* Work task:
Please return every line of the material verbatim and skip any images.
** Opening Recorded information block **
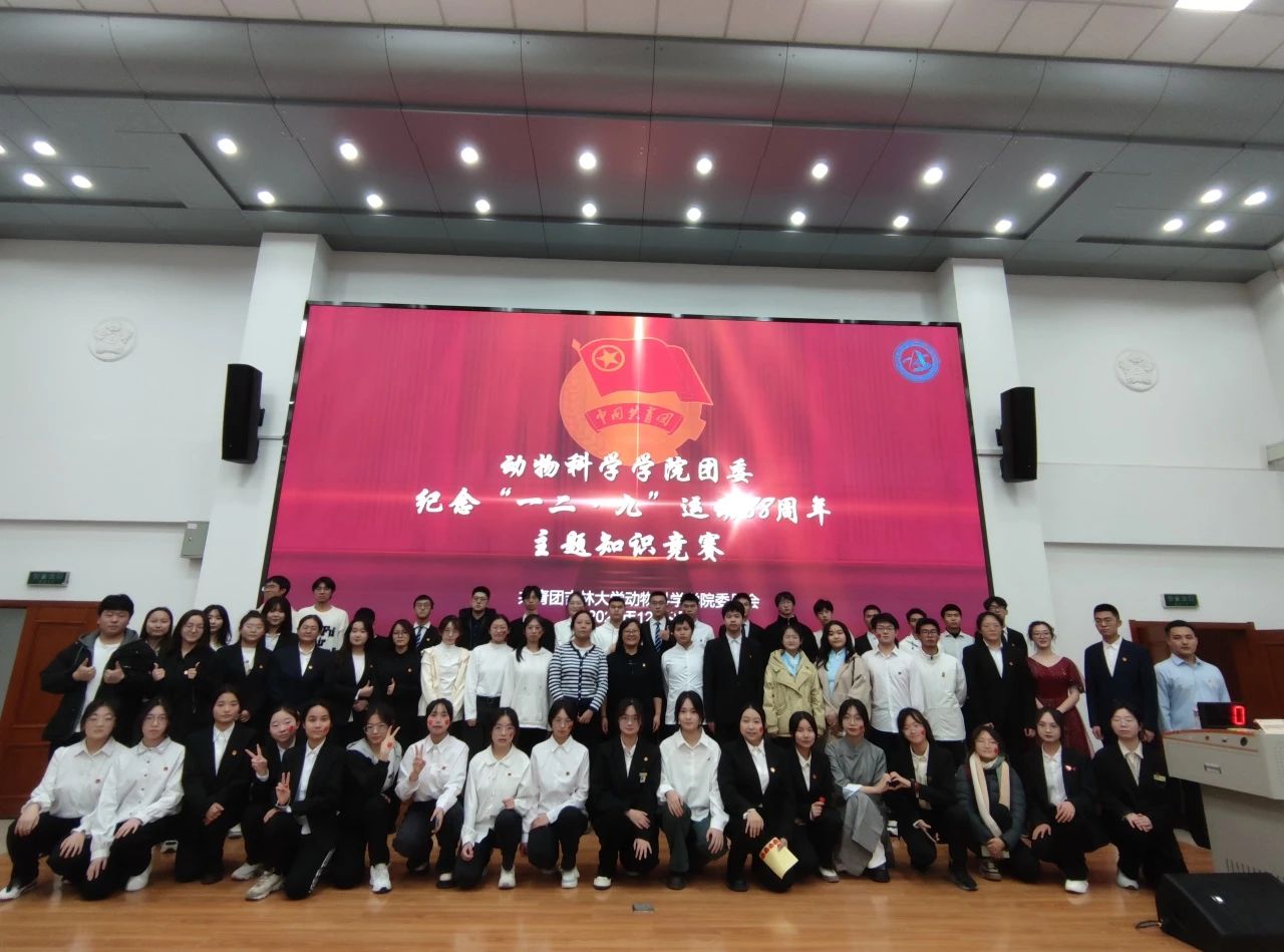 经过一个多小时的激烈角逐,2023级动物科学3班团支部代表队“勇攀高峰队”获得一等奖;2023级动物科学1班团支部代表队“初心始发队”获得二等奖;2023级动物科学2班团支部代表队“踔厉奋发队”获得三等奖。与会老师为获奖团队颁发奖项,并合影留念。
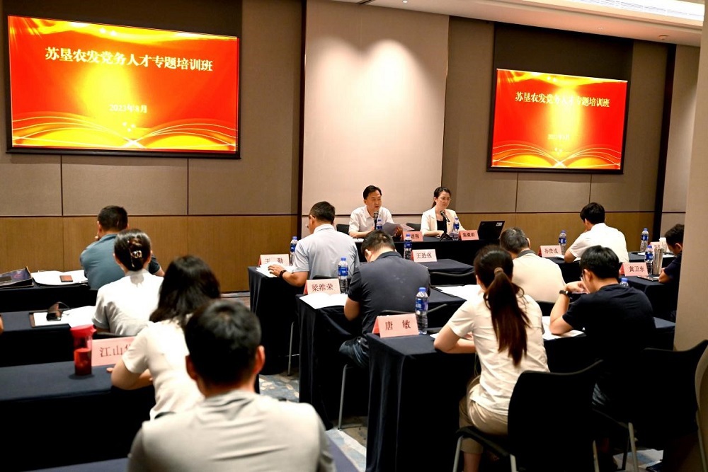 為深入學習貫徹習近平新時代中國特色社會主義思想和黨的二十大精神,提升公司黨務工作者政治能力和業務水平,提高公司黨建工作質量,加快推進黨建工作與生產經營深度融合,8月2日至4日,蘇墾農發在徐州舉辦為期3天的黨務人才專題培訓班。公司黨委副書記、工會主席出席開班式并講話,公司總部、子公司、蘇墾農科院黨務工作者35人參加培訓。
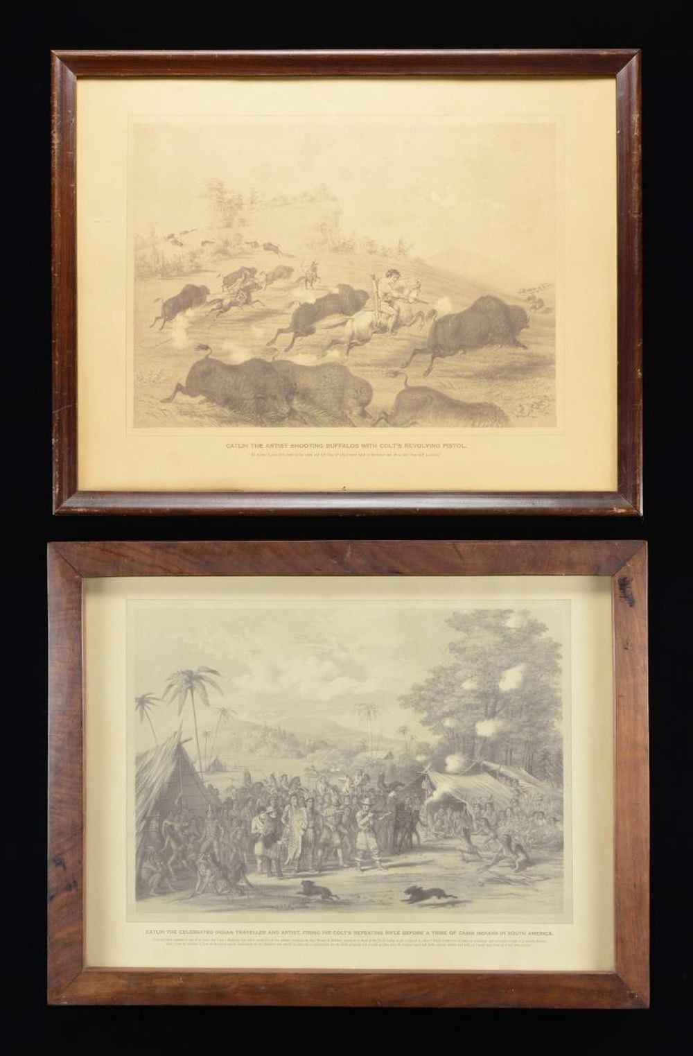 USING COLT REVOLVER & REVOLVING RIFLE. These prints, which are very rare today, are copies of original 1860 color lithographs. Date of these 20th-century offset lithographs is unknown. The images, in larger frames, measure about 21" x 16". George Catlin (1796–1872) traveled to the west to paint scenes and portraits of Native Americans. These two original paintings, made in the 1830s, feature Paterson colts. The guns have since been upgraded to dragoons and 1855 revolving rifles. CONDITION: one missing glass, with scratches; the other appearing in good overall condition. PROVENANCE: Martin Lane Historic & Western Americana Lifetime Collection. (02-21581/JS). $200-300.
** Closing Recorded information block **
* Exercise response:
 经过一个多小时的激烈角逐,2023级动物科学3班团支部代表队“勇攀高峰队”获得一等奖;2023级动物科学1班团支部代表队“初心始发队”获得二等奖;2023级动物科学2班团支部代表队“踔厉奋发队”获得三等奖。与会老师为获奖团队颁发奖项,并合影留念。
 為深入學習貫徹習近平新時代中國特色社會主義思想和黨的二十大精神,提升公司黨務工作者政治能力和業務水平,提高公司黨建工作質量,加快推進黨建工作與生產經營深度融合,8月2日至4日,蘇墾農發在徐州舉辦為期3天的黨務人才專題培訓班。公司黨委副書記、工會主席出席開班式并講話,公司總部、子公司、蘇墾農科院黨務工作者35人參加培訓。
 USING COLT REVOLVER & REVOLVING RIFLE. These prints, which are very rare today, are copies of original 1860 color lithographs. Date of these 20th-century offset lithographs is unknown. The images, in larger frames, measure about 21" x 16". George Catlin (1796–1872) traveled to the west to paint scenes and portraits of Native Americans. These two original paintings, made in the 1830s, feature Paterson colts. The guns have since been upgraded to dragoons and 1855 revolving rifles. CONDITION: one missing glass, with scratches; the other appearing in good overall condition. PROVENANCE: Martin Lane Historic & Western Americana Lifetime Collection. (02-21581/JS). $200-300.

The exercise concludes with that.